As an attacker, getting XSS with Style Context usually related to IE . Please read following descriptions and codes again.

/**
 * XSS protection function for style context only
 * @usecases
 * @double quoted case e.g.,
 * <span style="use this function if output reflects here"></span>
 * @single quoted case e.g.,
 * <div style='use this function if output reflects here'></div>
 * OR <style>use this function if output reflects here</style>
 * @description
 * Sanitize/Filter meta or control characters that attacker may use to execute JavaScript e.g.,
 * ( is filtered because width:expression(alert(1))
 * & is filtered in order to stop decimal + hex + HTML5 entity encoding
 * < is filtered in case developers are using <style></style> tags instead of style attribute.
 * < is filtered because attacker may close the </style> tag and then execute JavaScript.
 * The function allows simple styles e.g., color:red, height:100px etc.
 * @author Ashar Javed
 * @Link https://twitter.com/soaj1664ashar
 * @demo http://xssplaygroundforfunandlearn.netai.net/final.html
 */
function styleContextCleaner($input) {
    $bad_chars = array("\"", "'", "``", "(", "\\\\", "<", "&");
    $safe_chars = array("&quot;", "&apos;", "&grave;", "&lpar;", "&bsol;", "&lt;", "&amp;");
    $output = str_replace($bad_chars, $safe_chars, $input);
    return stripslashes($output);
}

Conclusion

Fighting with XSS on server-side encoding is can be easy if you know which characters should be encoded in their special context. There is only one complications when you use back tick (`) as a attribute delimiter like following .

<input name=`fname` value=`USERINPUTHERE`>

This functions can not protected your apps. But I haven't seen any real life example for this case!!!

Approach that I've described at above is tested against tens of hackers/security researchers and no one exploit it. ( Details : https://twitter.com/soaj1664ashar/status/478939711667712000 ) . Also Symphonycms uses this approach for XSS preventions ( Also all codes examples grabbed from their repo. https://github.com/symphonycms/xssfilter/blob/master/lib/xss.php )

As you can see, you need to know variable gonna reflect at which location. Usually, developers knows output locations of variables but if you really don't know that DOMPurify could be more usefull for you but I believe it may cause code complexity and hard to maintain.

DOMPurify

DOMPurify is a DOM-only, super-fast, uber-tolerant XSS sanitizer for HTML, MathML and SVG. It's written in JavaScript and works in all modern browsers (Safari, Opera (15+), Internet Explorer (9+), Firefox and Chrome - as well as almost anything else using Blink or WebKit). It doesn't break on IE6 or other legacy browsers. It simply does nothing there.

DOMPurify is written by security people who have vast background in web attacks and XSS. Fear not.

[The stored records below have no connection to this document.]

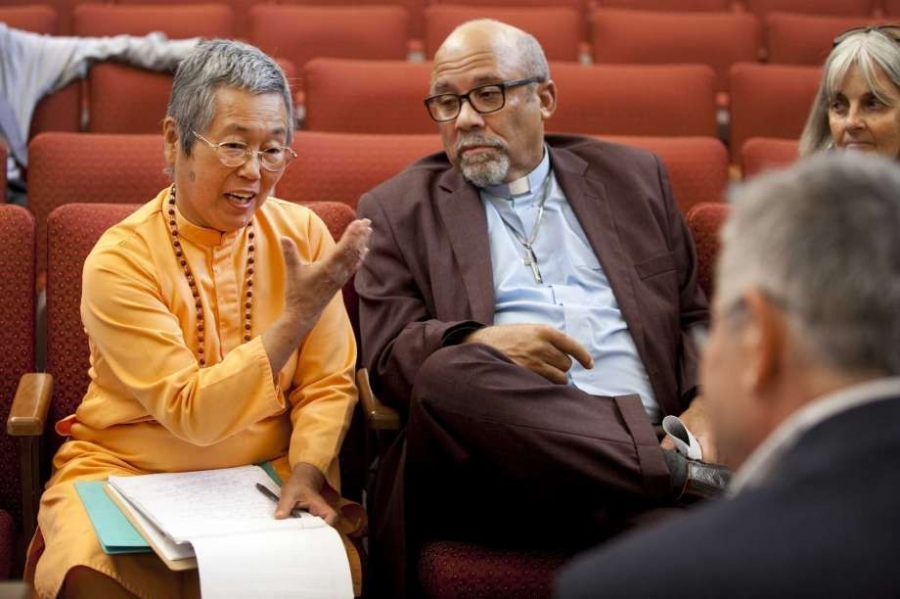 After the service, Wilson huddled with Dayananda and Susan Liebl, another Yogaville resident. The three would travel the next day to North Carolina for an environmental justice summit with the Rev. William Barber II, in hopes of getting him to journey to Union Hill to rally support.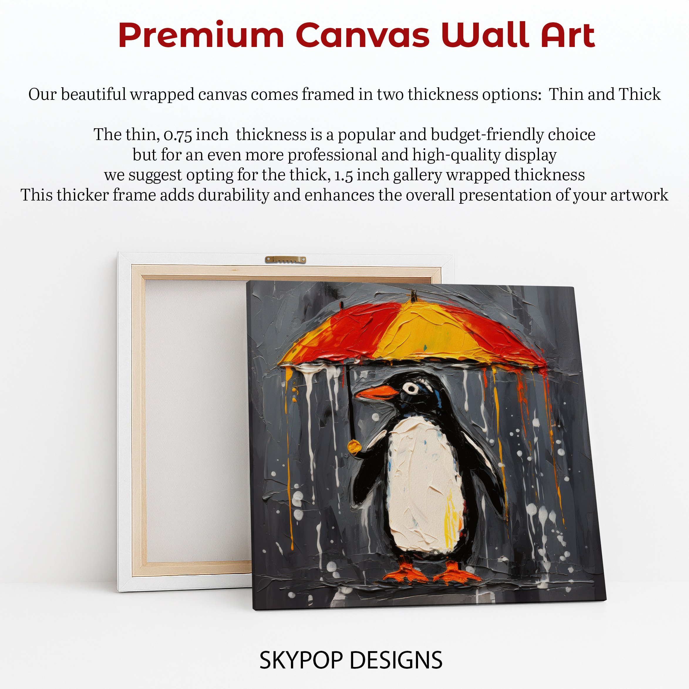 Keywords: penguin art,canvas wall art,animal art,whimsical art,contemporary art,modern decor,scandinavian decor,bohemian decor,living room art,bedroom decor,kids room art,entryway art,multicolor art,grey art,yellow art,red art,penguin poster,rainy day art,bold art,textured art,impasto art,wall decor,home decor,gift ideas,birthday gift,housewarming gift,playful art,optimism art,comfort art,unique artwork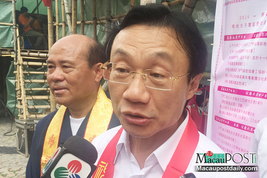 Secretary for Social Affairs and Culture Alexis Tam Chon Weng talks to reporters yesterday outside Na Tcha Temple next to the St Paul’s Ruins. Photo: MPDG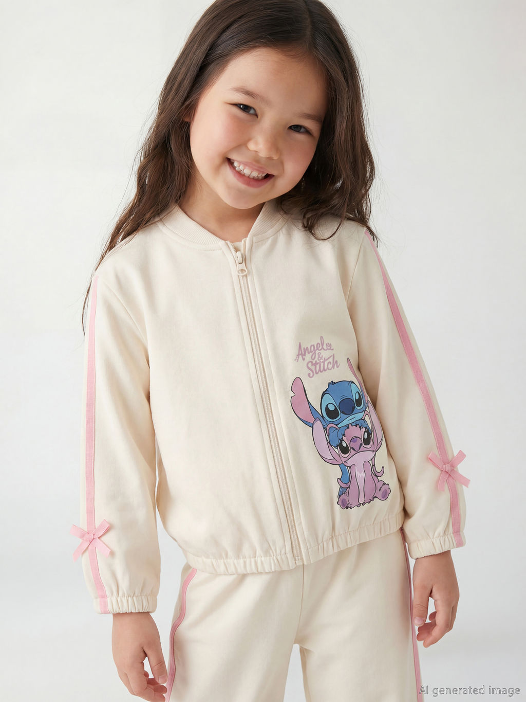 • Stitch ve Angel Bask?l? K?z ?ocuk Fermuarl? Sweatshirt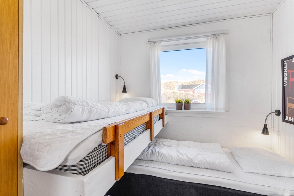 Im Tingodden 243 steht dieses kleine, aber feine Ferienhaus nur 50 Meter vom kilometerlangen, weißen Sandstrand entfernt. Es bietet einer kleinen Familie mit bis zu 5 Personen oder Paaren mit Hund ein gemütliches Zuhause für ene entspannte Urlaubszeit.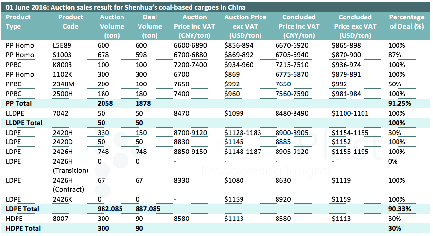 01 June 2016: Auction sales result for Shenhua's coal-based cargoes in China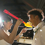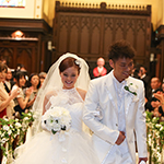 息子にエスコートしてもらってのお色直し退場は、ゲスト席からも応援の声をもらったりとか。息子大活躍の結婚式でした(笑)。盛り上げ役は友人たちにおまかせ!余興ではみんなでペンライトダンスを披露してくれて、とても面白かったですね。たくさん笑いました!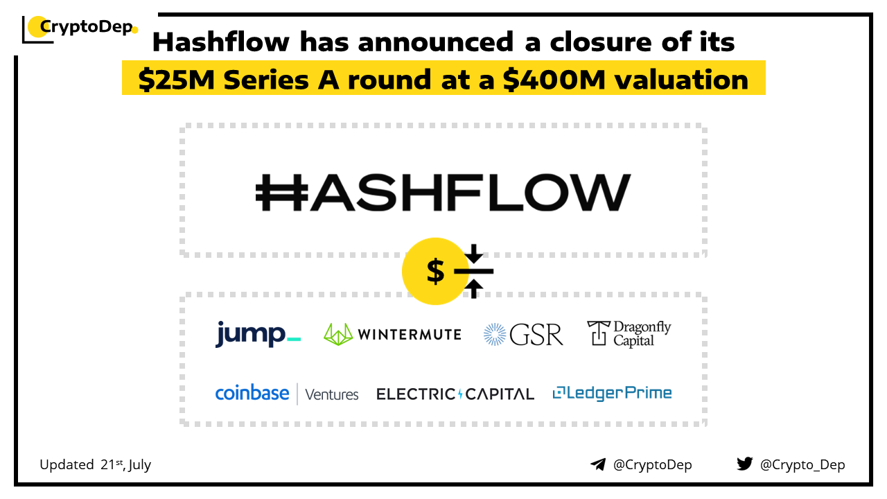 Hashflow, the DeFi trading platform, has raised $25M in a Series A funding. Among backers are Jump Crypto, Wintermute, GSR, LedgerPrime, Dragonfly Capita, Coinbase Ventures, Electric Capital, Altonomy, and other notable investors. The funds will be used to scale the product, grow the team and launch structured products.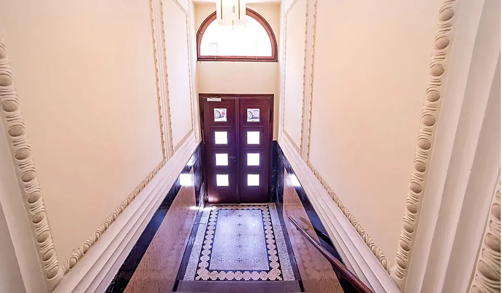 Interiér prošel citlivou a nákladnou rekonstrukcí s důrazem na zachování původních architektonických prvků – vysoké stropy, renovované dřevěné parkety a stylové detaily vytvářejí harmonické spojení historie a moderního komfortu.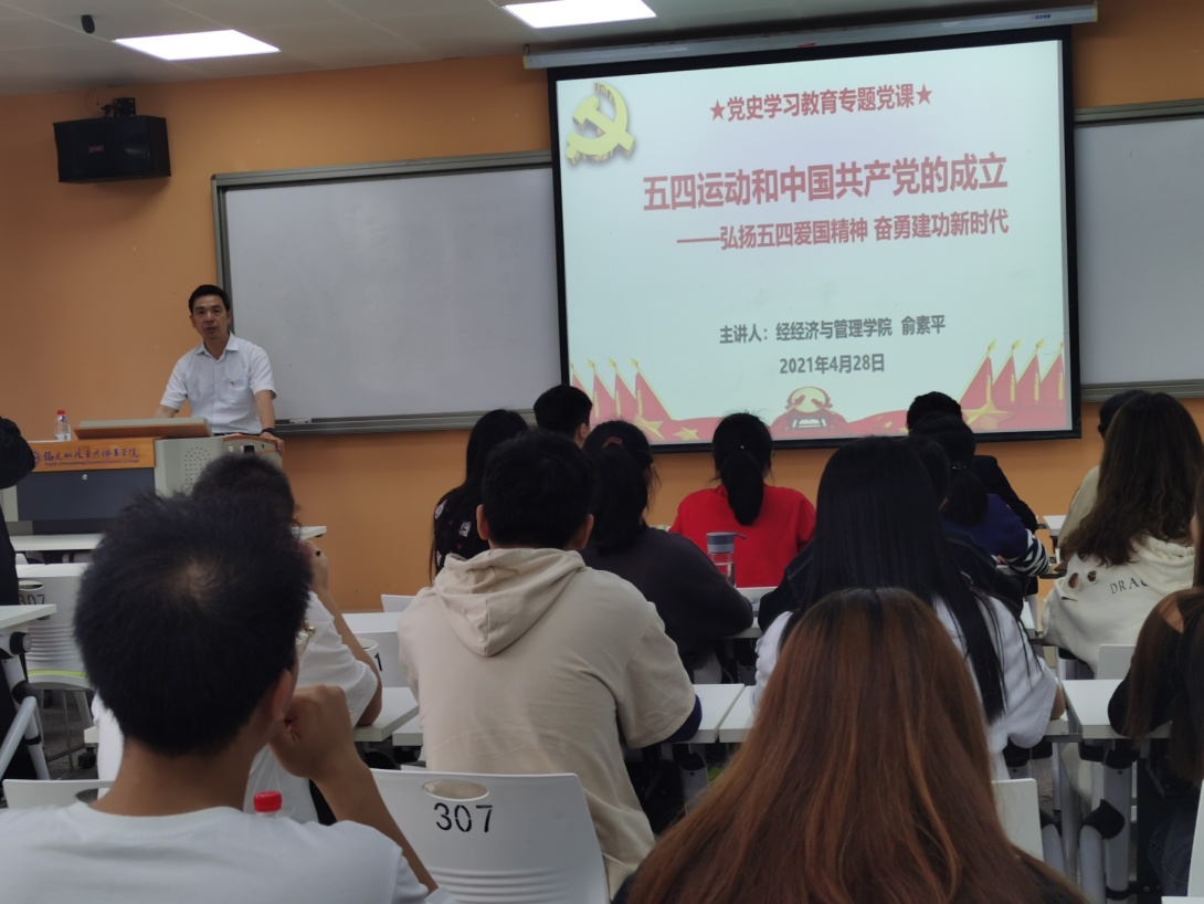 為持續(xù)深入推進(jìn)黨史學(xué)習(xí)教育和“再學(xué)習(xí)、再調(diào)研、再落實(shí)”活動(dòng),4月29日下午,經(jīng)濟(jì)與管理學(xué)院黨總支俞素平書(shū)記在南區(qū)31號(hào)樓307教室作題為“弘揚(yáng)五四愛(ài)國(guó)精神 奮勇建功新時(shí)代”的黨史學(xué)習(xí)教育專(zhuān)題黨課。學(xué)院全體輔導(dǎo)員和學(xué)生黨員發(fā)展對(duì)象參加了此次黨史學(xué)習(xí)講座。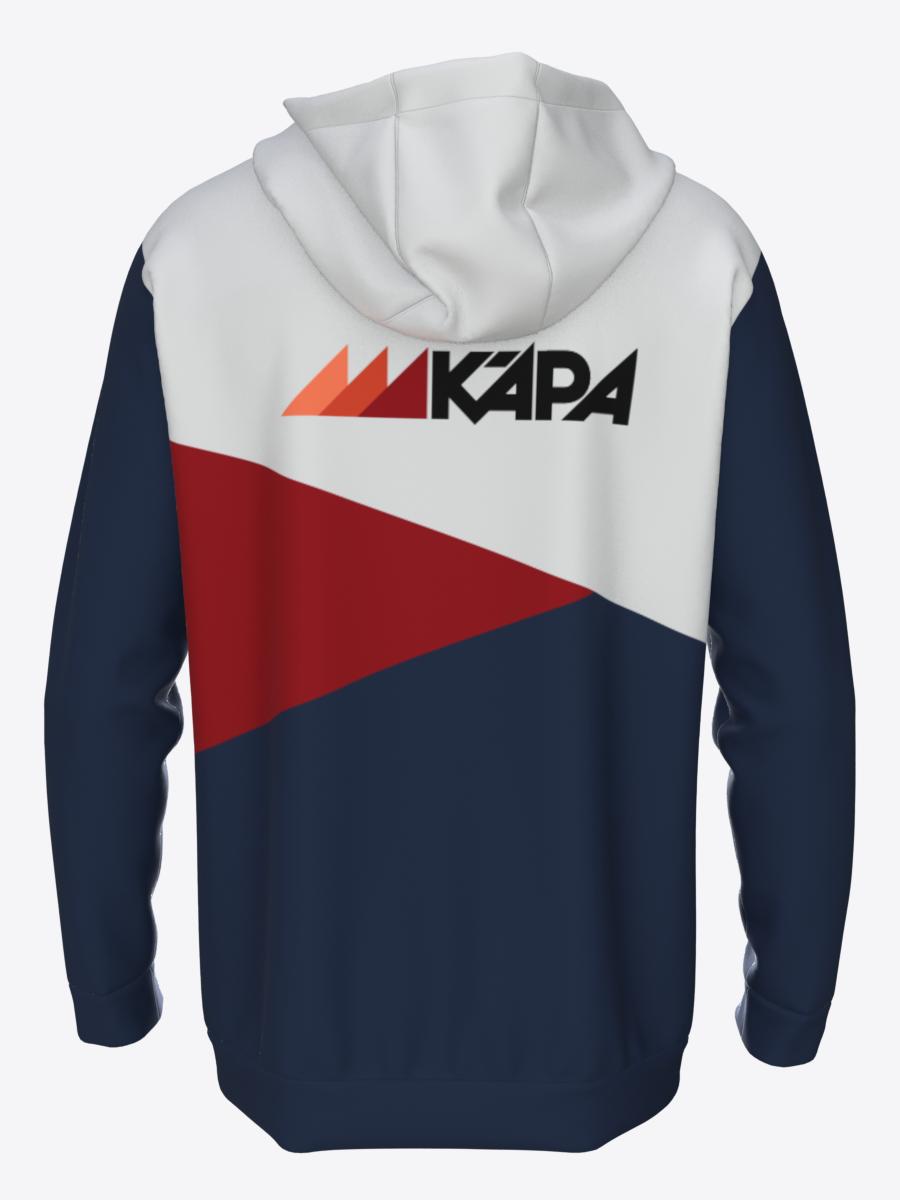 Regulāra piegriezuma OK Kāpa orientēšanās kluba džemperis ar oderētu kapuci un savelkamām auklām, lielu priekšējo ķenguru kabatu, izgatavots no silta, mīksta un nodilumizturīga materiāla, kas nodrošina vēja aizsardzību un ir ar mitruma atgrūdošām īpašībām.

Further informations can be found over here ( https://github.com/cure53/DOMPurify )

Answer 2

In theory, encoding client-side is no more dangerous than encoding server-side. The key to making it secure really is in how rigourous you are in putting suitable encoding in all the places which renders your data. You can certainly create a good implementation for rendering user submitted data safely on client and server sides. Practically though, a drawback of implementing output encoding client side is that a potential attacker can easily examine your source code for flaws. This means that if there are bugs in your client-side encoding implementation, it will be easier to find than say on the server-side (assuming a closed source system). If you are developing open source software, then this point is moot.

Also as you said, an attacker modifying your client-side encoding code is a non-issue as they will only be modifying their own copy of the code and will not affect other visitors.

IMO it is actually cleaner to let the client handle encoding especially if you are developing an API which is shared by web and native mobile applications. You don't want your mobile application to have to convert HTML encoded values back to it's original form.